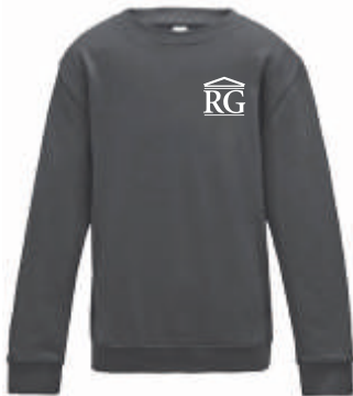
Design A 37,00 €
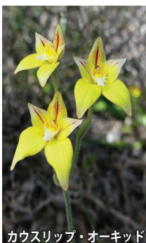
カウスリップ・オーキッド
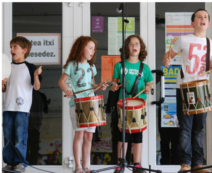
Pandero eta danborrak jotzeraekin batera kantatzen. SNN

Ikasturte bat bukatu da eta bestea bidean da. Oiartzungo HM Eskolan alboka, biolina, dultzaina, perkusioa, txalaparta edo xiolarrua jotzen ikasteko aukera dago eta matrikulatzeko epea ekainaren 26an bukatu bada ere, interesa duenak Soinuenera deitu eta informazioa eskal dezake.
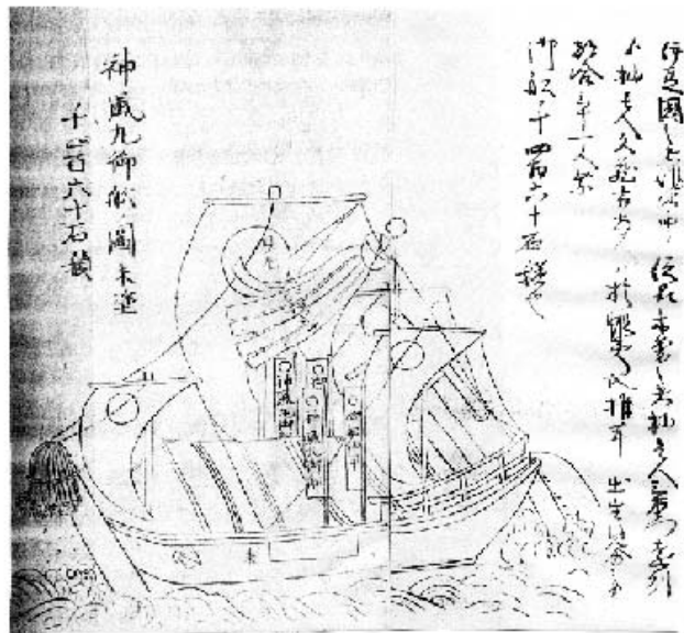
図2 御用船神風丸 『蝦夷地開発記』所収。北海道大学附属図書館北方資料室所蔵。

##############################

» **YOUR GOAL**:
The pictures stay out; repeat exactly the lines from the one with "Pandero eta danborrak" to the end of the entries above, and nothing else.

» **ANSWER**:
Pandero eta danborrak jotzeraekin batera kantatzen. SNN

Ikasturte bat bukatu da eta bestea bidean da. Oiartzungo HM Eskolan alboka, biolina, dultzaina, perkusioa, txalaparta edo xiolarrua jotzen ikasteko aukera dago eta matrikulatzeko epea ekainaren 26an bukatu bada ere, interesa duenak Soinuenera deitu eta informazioa eskal dezake.
図2 御用船神風丸 『蝦夷地開発記』所収。北海道大学附属図書館北方資料室所蔵。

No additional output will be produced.